O caminho foi conquistado;
é medo puro.
E se não se pode caminhar
só há uma coisa a se fazer:
vá abraçar a morte,
uma mais profunda do que se pode
conceber
(não faça idéias da morte)
Ao invés de dar um passo,
dance.
Vá dançar a dança de Kali!
Vá ser Shiva, e não represente."

Tenho um sorriso amarelo
verdadeiro
Minha voz sem palavras
Olho meus medos estrondosos
inacessíveis
Eles crescem
Meus medos,
palhaços terroríficos,
ganham a dimensão
da certeza

Onde eu acabo
uma música
começa

4 de outubro de 2007

Pedaço sobre intensidade

pra Cá, de novo, muito obrigado!

Tua provocação eu sinto como correta, e como bem me cabe, bobalhão, respondo teoricamente: o mais necessário no experimentalismo é a prudência. Prudência que sinto que tantas vezes não tive, mas que mordo o lábio para sentir que esteve sempre ali, perto. Tantas vezes me esqueci dela, ou, antes, não dei conta dela, que talvez a prudência seja a fazer exigências maiores, quase tantas quanto o Abismo, que é viva isso tudo, mas só um pouco, lembra? Um passo de cada vez, ou, como diz minha tia querida, a cada dia o que é desse dia. A cada dia o que é desse dia. Calma. E respire. Sempre!

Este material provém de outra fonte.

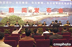 五月十日,中國核工業集團公司在北京人民大會堂舉行的“秦山核電二期工程1、2號機組全面建成”新聞發布會,介紹秦山核電二期工程2號機組5月3日凌晨1時15分正式投入商業運行的情況。作者:鄒憲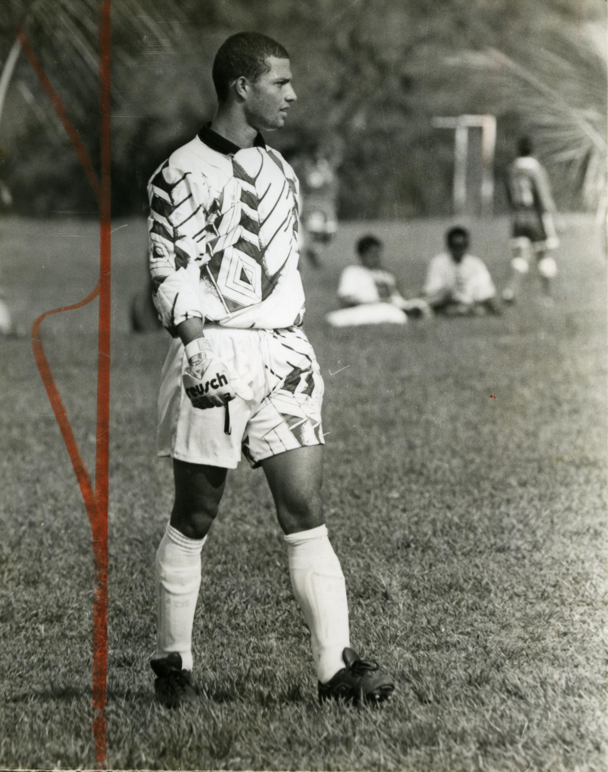 Retrato de cuerpo completo del futbolista Raúl Larrahondo en medio de una cancha de fútbol.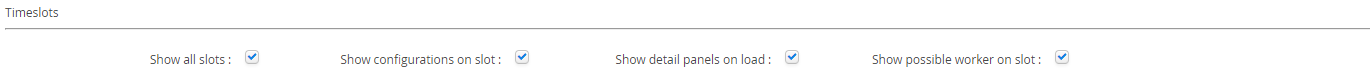 The Timeslots section controls the ability for users to engage with some of the configurable functionality within the Show Scheduler screen.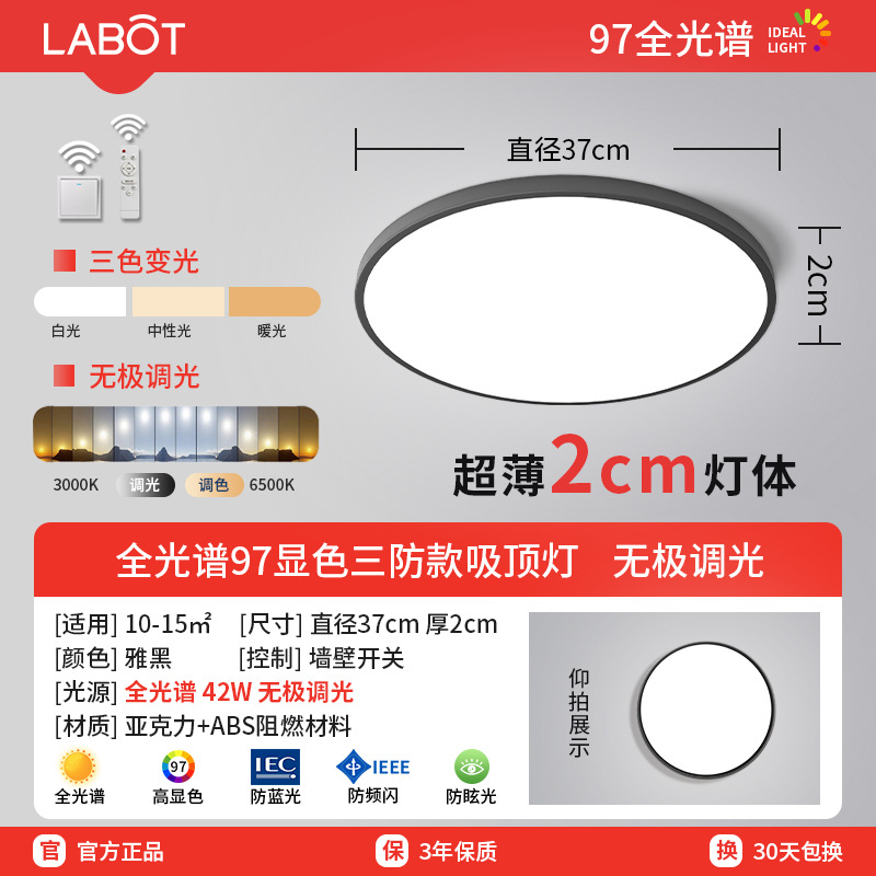 • 3 가지 증거 천장 램프 37cm 전체 스펙트럼 [우아한 검은 색] 36W 무단 디밍

Pule no buraco de cabeça, mas sinta o cheiro antes. Será? Quando tem tudo isso ali, talvez a tendência seja tentar ser tudo... e não há corpo que agüente. Nesse caso, o Corpo sem Órgãos vira o corpo cancerígeno, a comer a si mesmo. Intensidade que não fez potência, mas destruição... é demais. Corpo do drogado, sabe? É isso: sedento demais de vida. Atropelante. Terrível. Mas uma tentativa também. Não basta. Não é isso, não é, como seria ovacionar a vida e passar por cima dela, deixar sem vida pessoas no caminho? É muito difícil... Por isso a sutileza do xamã, sabe? O grande filho da puta, o maior piadista! Aquele que consegue efetivamente te matar pra te dar tua vida plena. É isso, e é pra poucos, e pra gente, e pra mim, é de lembrar de outra coisa: que matar alguém, no nosso nível, raras vezes demais significa libertar, e na maioria significa assassinato mesmo: do corpo, do coração, do espírito; com faca, com afeto, com vampirismo.